What is needed: Only the lines from the beginning of the entries through the one with "Женское демисезонное пальто" should be written out, please, exactly and without any pictures.

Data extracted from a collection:

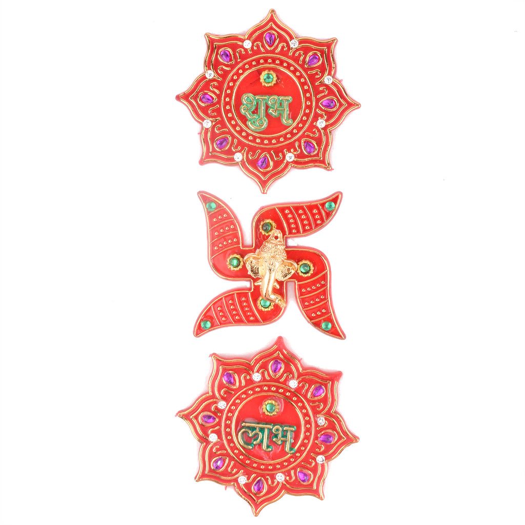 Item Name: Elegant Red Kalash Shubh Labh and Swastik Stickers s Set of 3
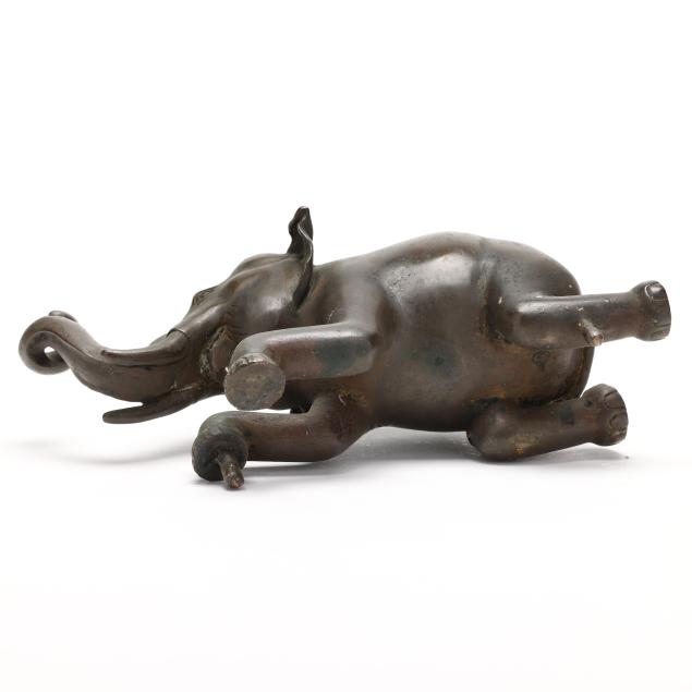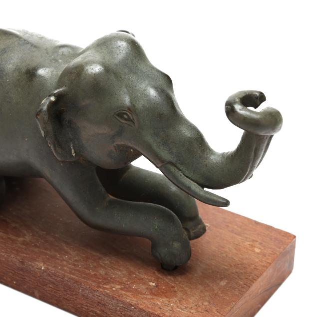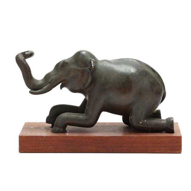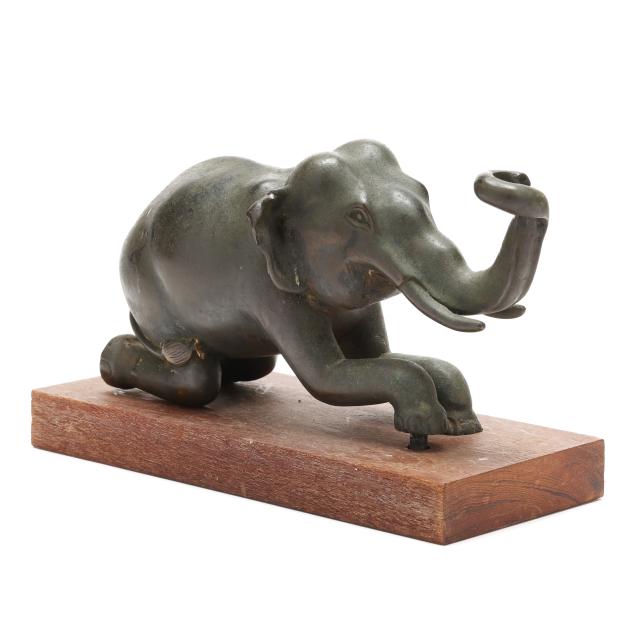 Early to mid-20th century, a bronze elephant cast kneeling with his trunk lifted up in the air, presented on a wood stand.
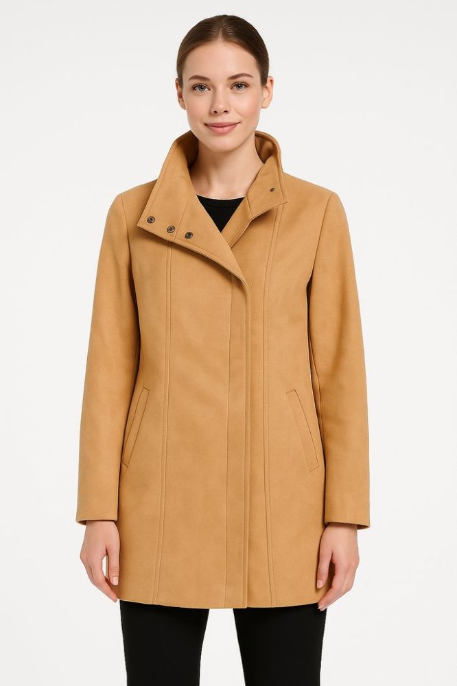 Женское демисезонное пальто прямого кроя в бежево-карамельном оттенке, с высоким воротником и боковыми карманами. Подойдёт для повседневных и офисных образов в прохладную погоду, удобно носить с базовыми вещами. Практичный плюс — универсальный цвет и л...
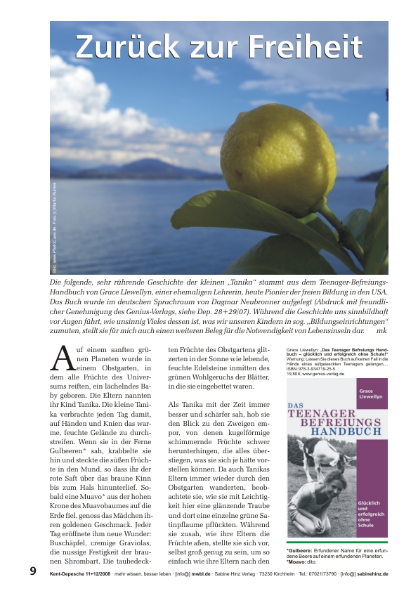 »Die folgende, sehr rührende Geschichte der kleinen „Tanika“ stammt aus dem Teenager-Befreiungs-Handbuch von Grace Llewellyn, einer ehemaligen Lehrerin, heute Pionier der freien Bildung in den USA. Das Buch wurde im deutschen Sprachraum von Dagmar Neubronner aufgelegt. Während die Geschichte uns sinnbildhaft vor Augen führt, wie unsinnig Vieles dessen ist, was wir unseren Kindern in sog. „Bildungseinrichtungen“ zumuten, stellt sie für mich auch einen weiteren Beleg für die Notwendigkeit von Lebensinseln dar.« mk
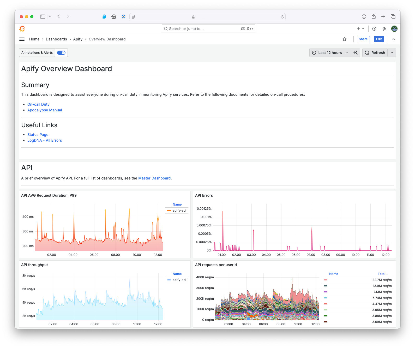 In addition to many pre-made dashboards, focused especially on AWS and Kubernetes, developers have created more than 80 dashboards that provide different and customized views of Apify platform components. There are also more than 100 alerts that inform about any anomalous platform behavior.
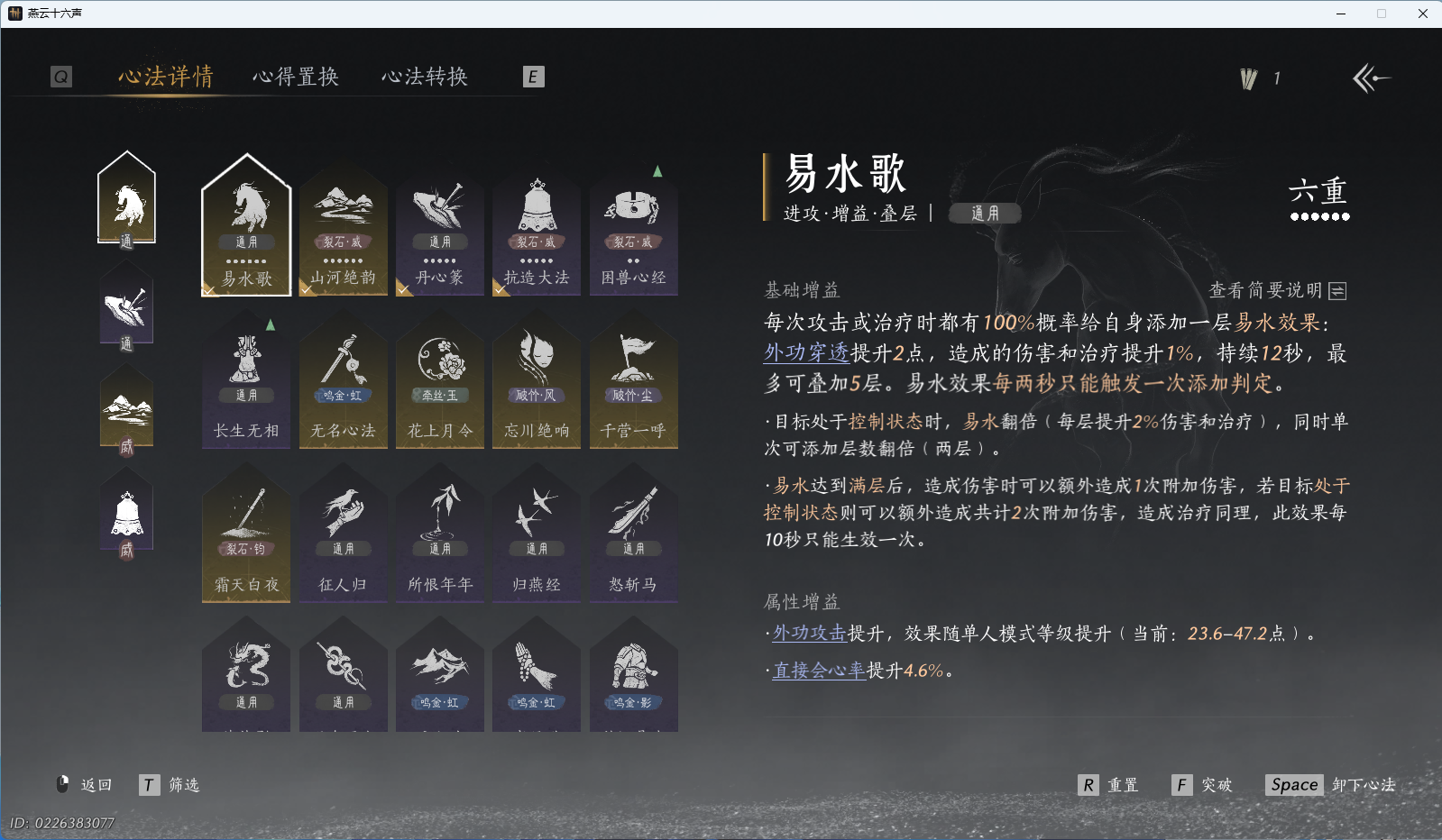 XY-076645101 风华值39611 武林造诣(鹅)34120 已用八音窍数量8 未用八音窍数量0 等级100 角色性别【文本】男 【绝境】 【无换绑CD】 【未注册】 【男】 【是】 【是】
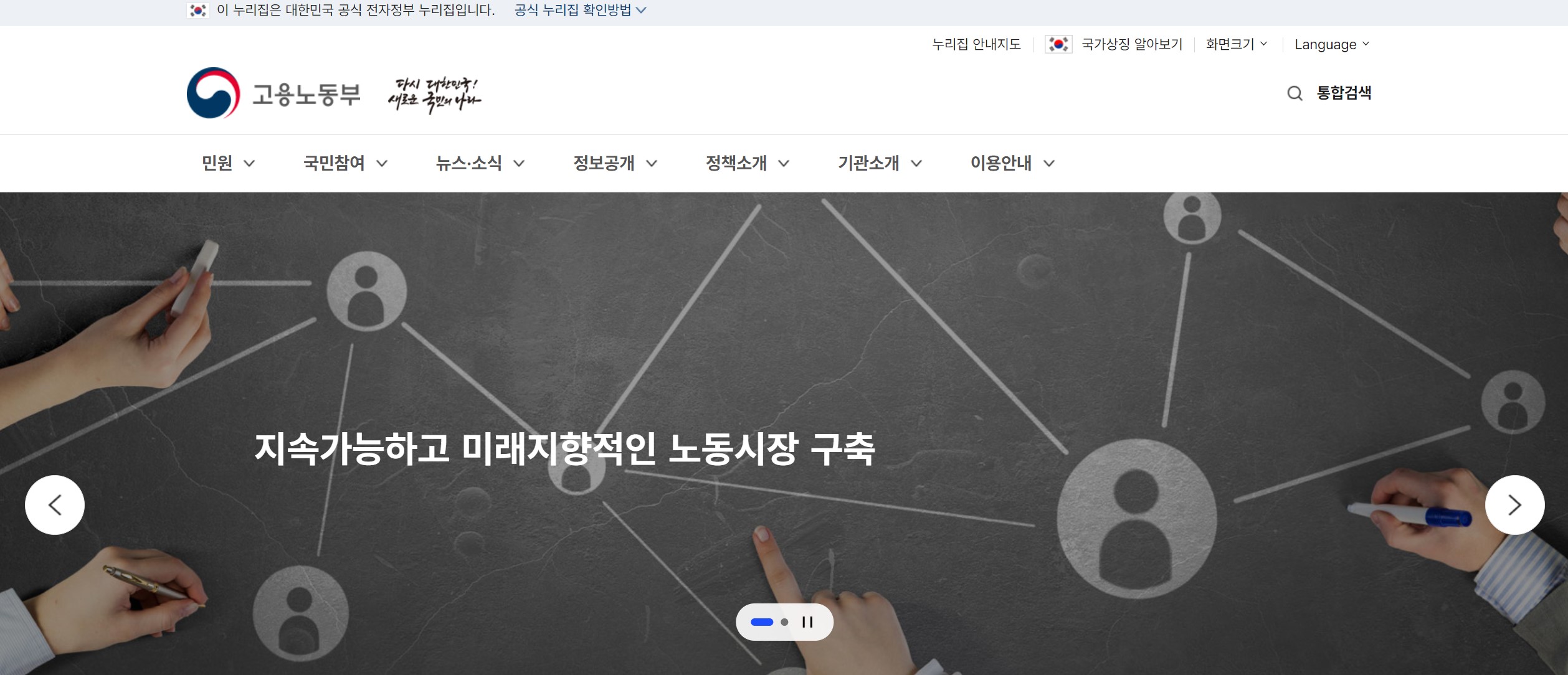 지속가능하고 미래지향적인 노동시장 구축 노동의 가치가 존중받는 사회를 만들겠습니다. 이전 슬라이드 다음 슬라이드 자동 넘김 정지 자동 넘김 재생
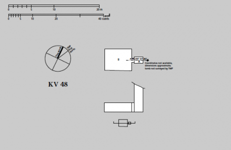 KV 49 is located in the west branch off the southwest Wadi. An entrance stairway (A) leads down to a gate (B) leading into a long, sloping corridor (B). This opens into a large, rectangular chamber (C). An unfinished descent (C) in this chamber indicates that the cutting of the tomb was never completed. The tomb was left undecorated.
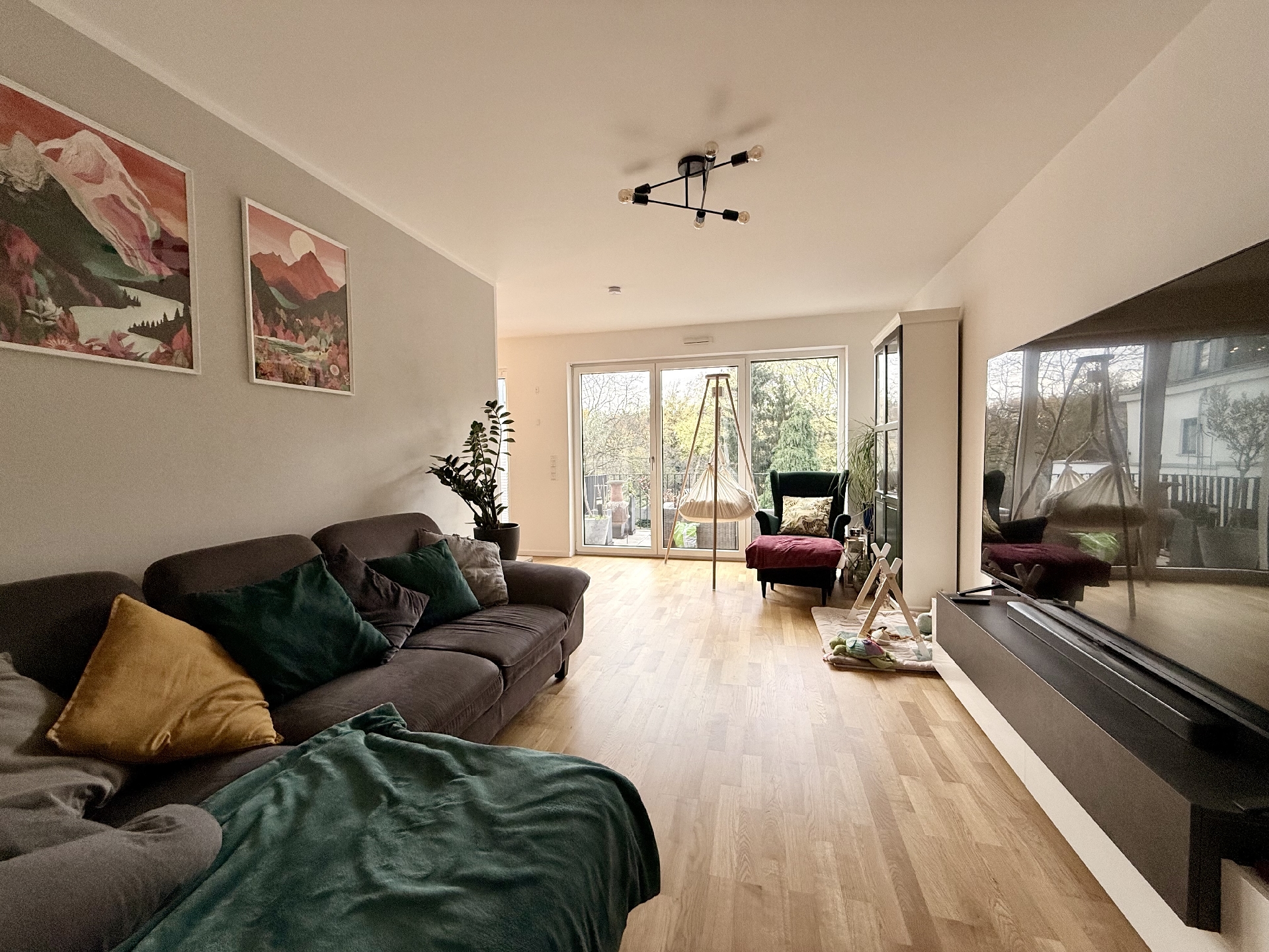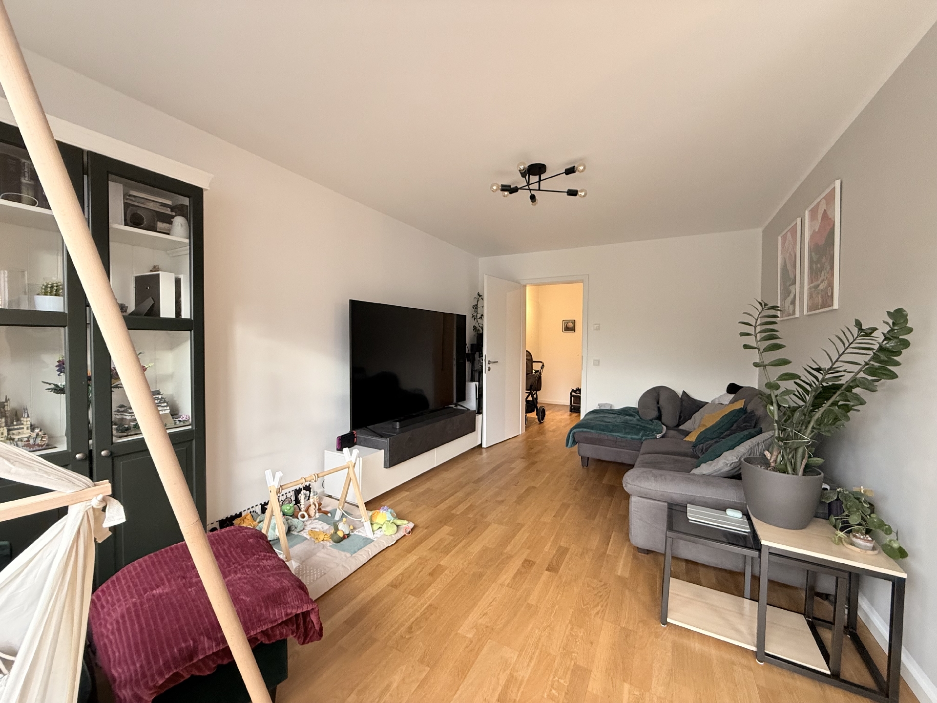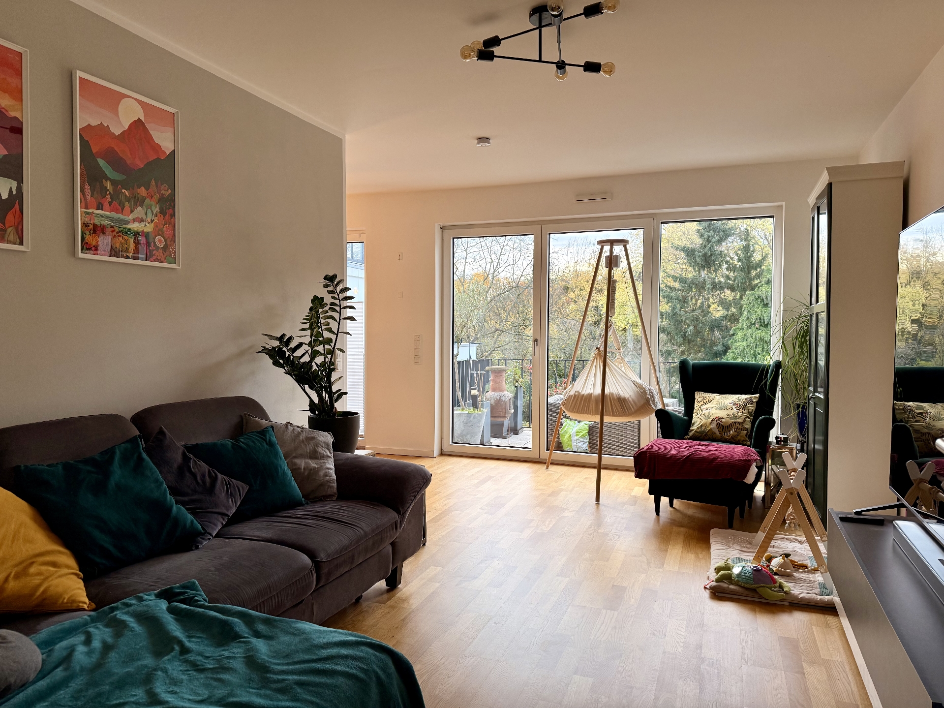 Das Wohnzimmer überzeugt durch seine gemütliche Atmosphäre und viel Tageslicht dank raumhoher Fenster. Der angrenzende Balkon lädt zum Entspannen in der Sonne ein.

Finished task:
 Item Name: Elegant Red Kalash Shubh Labh and Swastik Stickers s Set of 3
 Early to mid-20th century, a bronze elephant cast kneeling with his trunk lifted up in the air, presented on a wood stand.
 Женское демисезонное пальто прямого кроя в бежево-карамельном оттенке, с высоким воротником и боковыми карманами. Подойдёт для повседневных и офисных образов в прохладную погоду, удобно носить с базовыми вещами. Практичный плюс — универсальный цвет и л...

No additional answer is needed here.